Tax Reform Is Aimed at Making Louisiana More Appealing to Business
Governor Bobby Jindal’s tax reform plan would rearrange how the state collects its revenue. The Jindal administration’s plan would eliminate personal and corporate income taxes and replace it with an increased state sales taxes. The plan is aimed to be revenue neutral, so the state is not collecting more or fewer tax revenues. Right now, the state’s tax system is complex, over 460 different tax exemptions and exceptions, different parish tax rates, and a myriad of local taxes, state taxes, state reimbursement of local taxes.
Sales taxes are the target tax to increase because it is the least volatile tax. When the economy improves, sales tax revenue increases. When the economy declines, sales tax revenue fades rather than drop suddenly like income tax does when a large number of workers become unemployed.

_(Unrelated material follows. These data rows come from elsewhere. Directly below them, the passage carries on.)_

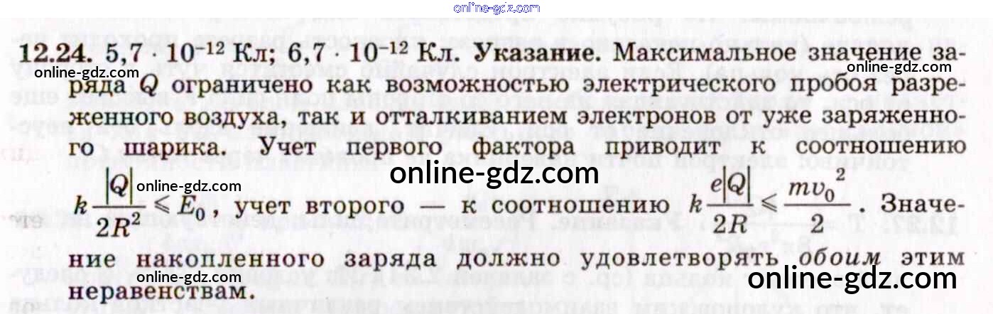 Готовые домашние задания по Физике за 8, 9, 10, 11 класс Задачник Генденштейн, Гельфгат 2021 - 12. Электростатика 12.24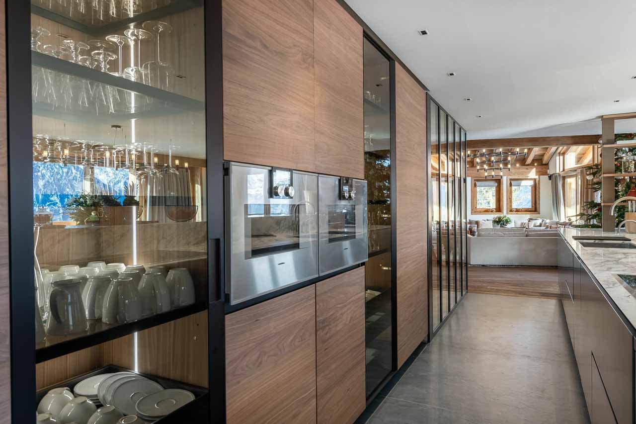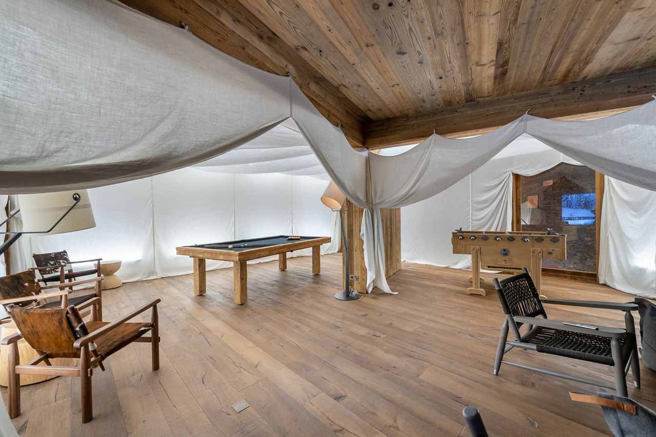 The chalet is equipped with an impressive array of facilities to entertain and refresh the guests. These include a games room with billiards, table football, and air hockey, as well as a cozy bar for after-dinner drinks. For relaxation, there’s a lavish spa featuring an indoor pool, Nordic bath, massage room, steam room, and sauna. Fitness enthusiasts will appreciate the small gym. Additionally, a second Nordic bath and barrel sauna can be found on the terrace, offering even more ways to unwind.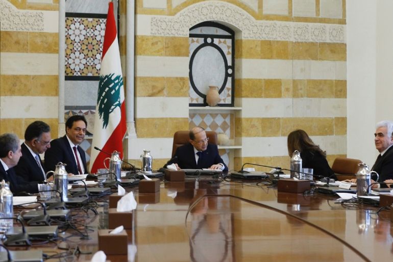 Lebanon's President Michel Aoun heads the first meeting of the new cabinet at the presidential palace in Baabda [Mohamed Azakir/Reuters]

But the plan is revenue-neutral, not revenue-reducing, meaning the tax burden is aimed to stay the same. Louisiana actually has the 47th highest tax burden in the nation, better than Texas which is 45th. Really, Louisiana is very competitive nationally to attract businesses, but hasn’t attracted as many businesses as neighboring Texas. Why? Largely because of a complex, confusing tax code, odd taxes that don’t end up costing businesses, but are a hassle to itemize.
The Jindal tax reform plan is still being worked out and state officials say that it still has to go through the legislative process and will see some tinkering before it comes law.